Humeid’s home is just a few hundred meters from a U.N. School where dozens of people were killed when it came under Israeli artillery fire on Jan. 6.

Though it may be marginally safer, life in the camp is difficult, he said.

Getting water has been a recurring problem, he said. With electricity available only sporadically to pump water into rooftop tanks, they are always short and actually ran out two days ago. And when needed to do some repairs on the water system, he worried that he would become a target of Israeli drones which look for suspicious activity. Humeid said he did the repairs in several stages, only daring to stay on his roof for minutes at a time.

Food, other supplies extremely limited
Meals at Humeid’s house are limited to whatever the nearest markets have in stock, usually just locally grown vegetables. Shipments of vegetables that normally come from rural areas outside Jebaliya are limited, he said, because those areas are under Israeli control. He said it’s too dangerous to travel as far as would be necessary to buy meat—and what they had in the refrigerator ran out many days ago. Supplies for babies — like diapers — are available only on occasionally, he said.

Humeid, who usually runs a psycho-social program supported by the U.S.-based humanitarian group Mercy Corps, said the more than 20 children under 12 in his home have shown remarkable resilience given the difficult circumstances.

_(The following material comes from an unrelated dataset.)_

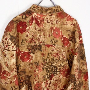 繊細な織りによって、美しい花々達を咲き誇るように映し出されたシャツジャケット。古着らしいアーティスティックな雰囲気に加え、上品な色気を感じさせる逸品。

“They play games, tell stories and jokes.” He said. “In front of the house we have a large area with some trees. It’s not 100 percent safe, but they can spend some time there.”

But he said the children also sleep more than normal — perhaps because of long hours without electricity or as an escape from fear. He also said he has seen some “regressive behaviors” like bed-wetting, which he believes is a result of the crisis.

“It’s very difficult for everyone,” says Humeid. “But it is most difficult for the thousands of people who have been displaced from their houses, like those who are staying with my family.”